ASSOCIATION OF SOUTH AFRICAN QUANTITY SURVEYORS (ASAQS)
(this letter refers to the Note from the President’s Desk, originally placed on www .asaqs.co.za and copied below for reference)
It was observed in 2004 at the ICEC conference in Cape Town, that while the architectural and engineering professions have moved into 3D, the project cost methods have remained 2D.
Even computerisation in quantity surveying has largely only made manual methods a bit faster and removed a spot of menial work out of it, but has not really contributed to the full utilisation of modern information management. There are niched exceptions, but the applications of these are very limited and not improving a total service delivery and product offering.
The president’s remarks put another question mark behind CPD and whether it is then achieving anything. Meanwhile the minister engrosses herself in centralised control and much energy and resources that should be spent on improving the profession’s service and delivery, are absorbed in political wrangling.
We need more honest debate about the direction of our profession and active encouragement of research. And we need real academic credible research that focus on method, on standards and all other technical and hardline product-related issues.
The toning down of building activity that is becoming visible would have negative effects, but would present the opportunity for innovation and improvement to come forward. It is easy to look good in the good times, but when things get tough, quality, efficiency and innovation becomes survival tools.
This does not mean we should lose the best of the old-fashioned tools. In the engineering industry you would see how much there is still to be done to show the value of the best old-fashioned principles of taking-off and bills of quantities to achieve cost control that adds value. Sadly, it is not only engineers who fall flat in this regard, but also many well-meaning quantity surveyors that are unconsciously incompetent to apply the principles learnt from Standard System for Building Work approaches successfully for engineering works, and thus one can not blame some project engineers that act one bitten, twice shy when a “QS” offers his services for an engineering project. Here again: training is inadequate and obviously produces more rules-based clerks than professional quantity surveyors that really understand the underlying principles of what they are doing.
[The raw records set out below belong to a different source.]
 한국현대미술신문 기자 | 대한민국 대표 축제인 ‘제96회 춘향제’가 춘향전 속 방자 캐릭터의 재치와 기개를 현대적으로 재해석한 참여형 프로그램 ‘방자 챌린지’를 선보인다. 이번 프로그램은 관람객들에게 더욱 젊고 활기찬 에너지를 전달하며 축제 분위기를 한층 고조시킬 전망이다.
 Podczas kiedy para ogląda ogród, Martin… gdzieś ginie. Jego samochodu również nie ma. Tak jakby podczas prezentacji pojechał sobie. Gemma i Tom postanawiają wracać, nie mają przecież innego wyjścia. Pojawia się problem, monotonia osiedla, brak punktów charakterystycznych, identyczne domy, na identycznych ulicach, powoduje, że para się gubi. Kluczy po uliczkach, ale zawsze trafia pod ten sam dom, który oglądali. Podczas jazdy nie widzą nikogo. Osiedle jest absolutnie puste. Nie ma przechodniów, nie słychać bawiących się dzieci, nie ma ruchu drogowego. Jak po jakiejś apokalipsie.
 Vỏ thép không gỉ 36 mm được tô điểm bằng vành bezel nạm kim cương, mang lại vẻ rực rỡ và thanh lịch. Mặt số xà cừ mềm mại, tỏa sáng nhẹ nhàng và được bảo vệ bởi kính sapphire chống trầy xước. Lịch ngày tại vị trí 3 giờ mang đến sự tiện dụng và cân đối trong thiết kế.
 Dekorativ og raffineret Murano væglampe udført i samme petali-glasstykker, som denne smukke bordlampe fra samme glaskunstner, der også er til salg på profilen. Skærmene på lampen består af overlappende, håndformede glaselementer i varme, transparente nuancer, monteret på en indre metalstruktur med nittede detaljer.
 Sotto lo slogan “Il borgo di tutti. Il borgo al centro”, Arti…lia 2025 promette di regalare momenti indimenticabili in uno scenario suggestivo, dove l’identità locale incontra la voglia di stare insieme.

It would be interesting to see how the various firms and the profession in general respond to the challenge and opportunity. Meanwhile its good to see a president speaking out and he deserves the profession’s support.
Leonard van der Dussen
NOTE FROM THE PRESIDENT’S DESK -3 – GREEN QS’S NEEDED
I have for many years been bemused by the lack of significant change / innovative development within our local profession. For example, although having been out of the mainstream of QS practice for approximately 20 years, the dire warnings that I received from well-intentioned friends that if I were not to ‘keep my hand in’ I would quickly become ‘displaced’ is just not so. I regularly interact with QS practices and although there have obviously been changes in practice operations, standard forms and documentation etc, on reflection, I am unable to identify even one primary ‘skill’ that is required of a QS in general practice today, that was not normal practice when I left private practice and entered fulltime academia. This would obviously exclude the use of computer technology, but maybe there we have also lost a skill in the rush for standardized documents, model BOQ’s etc – the ability to think laterally in terms of design appraisal and specification composition. In fact, in my opinion, some of the quite useful skills commonly applied in previous years and which could be usefully employed in practice today, appear to be sadly lacking amongst younger professionals locally.
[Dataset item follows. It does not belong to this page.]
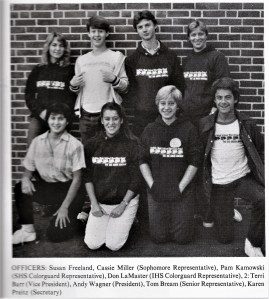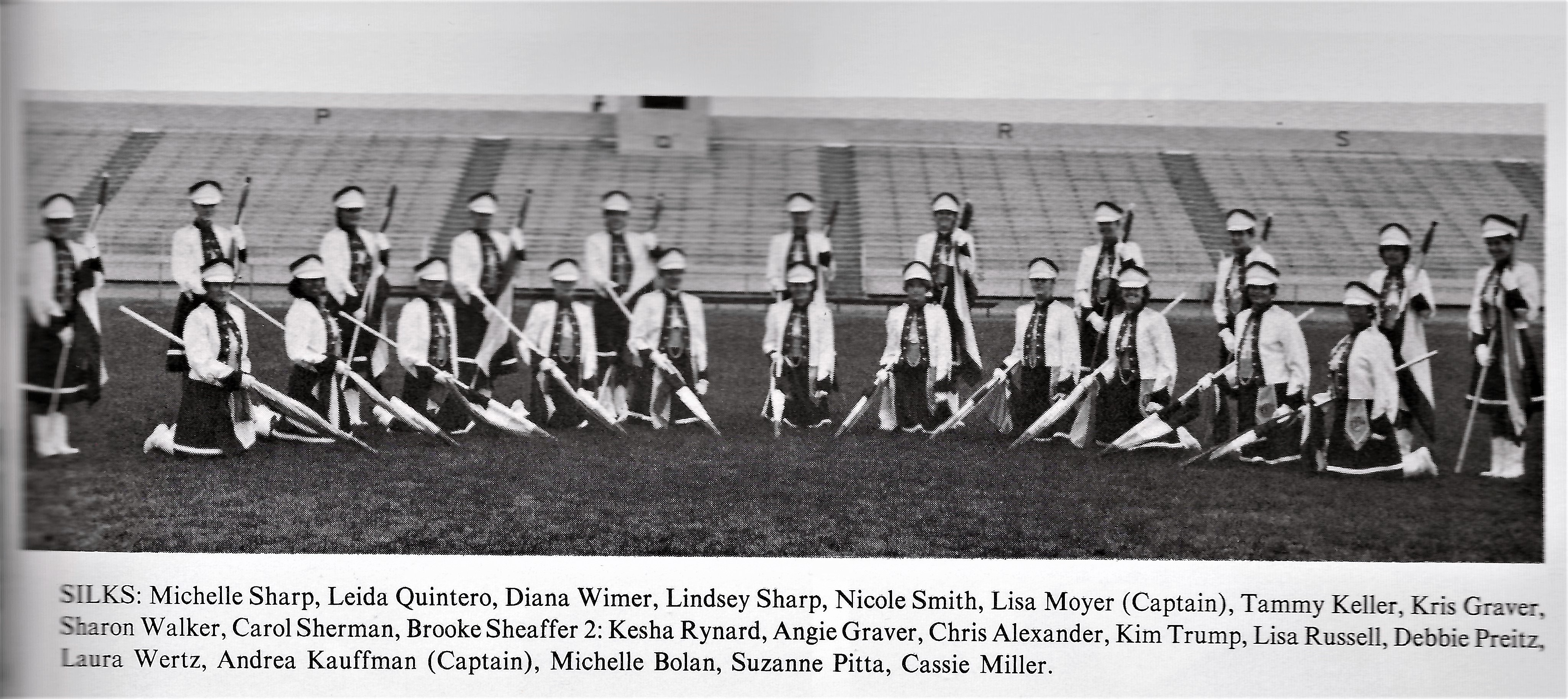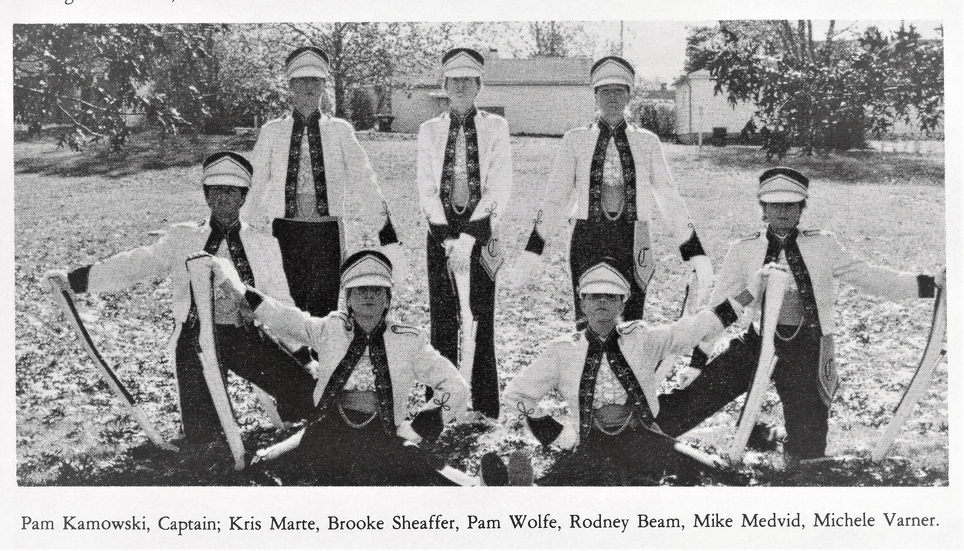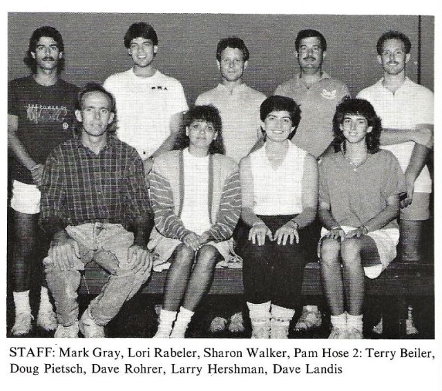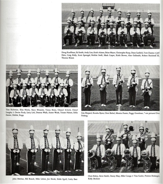 1986 – Band Staff with 1st Championship Banner Left to Right: Dave Rohrer, Allen Roth, Lori Rabeler

I was reminded of this a few days ago in a chat with a friend of many years, John Powell from the Cape, who pertinently raised the question of what we were doing as a profession to play a leading role in the ‘green movement’ that will undoubtedly be a major future challenge in the building procurement process. I fear that unless we make a real effort, this may be another field where opportunities to become an acknowledged ‘leading profession’ may be lost and we are once again relegated to the position of ‘followers’.
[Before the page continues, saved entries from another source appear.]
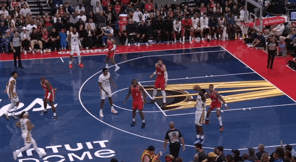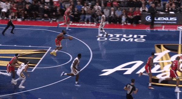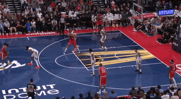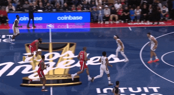 接哈登一传发动转换进攻。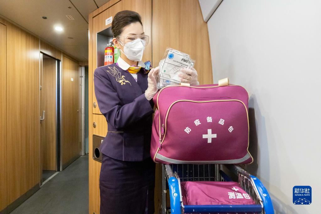 1月4日,鐵路上??瓦\段乘務員在列車上整理防疫備品包。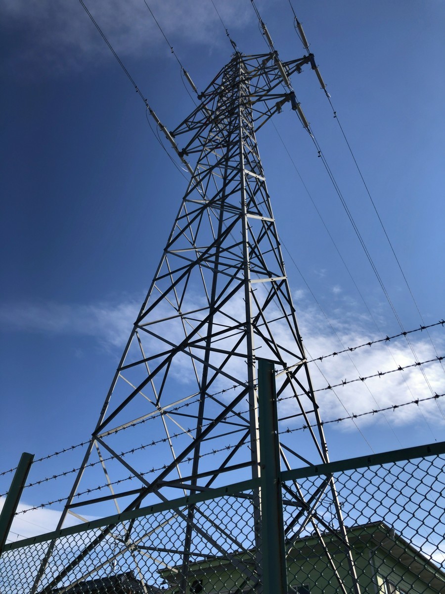 鉄塔が空へ伸びる。鉄塔岩沼支線4。ということは近くに変電所があるんだね。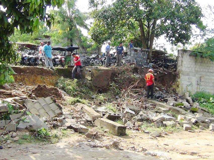 Una parte del cerco perimétrico del Canchón Municipal de Tarapoto se vino abajo durante la torrencial lluvia, los trabajadores municipales desde muy temprano limpiaron la parte afectada, a fin de retirar los escombros, se conoció que la pared tiene más de 20 años de antigüedad.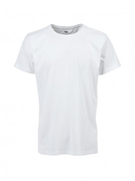 Kierrätysmateriaalista valmistetussa ekologisessa t-paidassa on pyöreä pääntie. Materiaali on 85 % kierrätettyä puuvillaa ja 15 % kierrätettyä polyesteriä. Konepesu.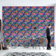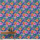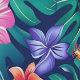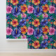 A bold, maximalist tropical floral print with big purple, orange, and pink blooms on a dark blue background,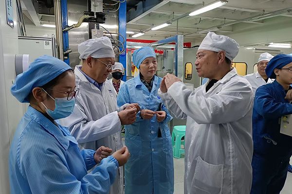 郭德源常務副理(lǐ)事(shì)長(cháng)一(yī)行(xíng)在王法祥董事(shì)長(cháng)的(de)陪同下(xià),參觀了(l¶e)公司展廳、河(hé)南(nán)省光(guāng)纖拉絲智能(néng)車(chē)間(jiān)和(hé)以天河("hé)通(tōng)信全國(guó)五一(yī)勞動獎章(zhāng)獲得(de)者馬娜娜同志(zhì)β命名的(de)“馬娜娜創新工(gōng)作(zuò)室”,并聽(tīng)取了(leΩ)公司總體(tǐ)情況彙報(bào)。調研人(rén)員(yuán)對(duì)光(guāng)纖拉絲車(chē)間(jiān)的(de)精細σ化(huà)、智能(néng)化(huà)制(zhì)造水(shuǐ)平和(hé)天河(hé)通(t ōng)信榮獲國(guó)家(jiā)級專精特新“小(xiǎo)巨人(rén)”企業(yè)表示贊®歎。

What do we need to do to take our place in front? There are a number of problems to overcome. Firstly, most academic institutions are hopelessly ill-equipped in terms of resources to provide direction. Progress initiated from this source is normally a product of scientific research. Unfortunately, the shortage of academics in the country, as well as a lack of a ‘research ethos’ in our local profession largely closes that door. A further issue to contend with is the nature of our South African practices, which predominantly comprise few qualified practitioners, who, if they want to be at the leading-edge, are practically isolated from like-minded persons.
It seems to me that in order to improve the situation, we will need to draw upon the goodwill of our larger practices with international connections to lead the way. From the Association’s side, we have very recently appointed a specialist committee to provide guidance in terms of QS interest in environmental matters. At present, the group is comprised of Gerhard Brummer (Chair based in Gauteng), and Frans van der Walt, together with Johann Richards who are both based in Richards Bay. At this stage they have an ‘open’ brief. If you are keen to become involved as an active participant in the future development of the Green Movement within the construction sector, I am sure they would welcome hearing from you. Who knows, maybe this will be the key to some of our members promoting our profession as ‘expert specialists’ in a changing property / construction sector.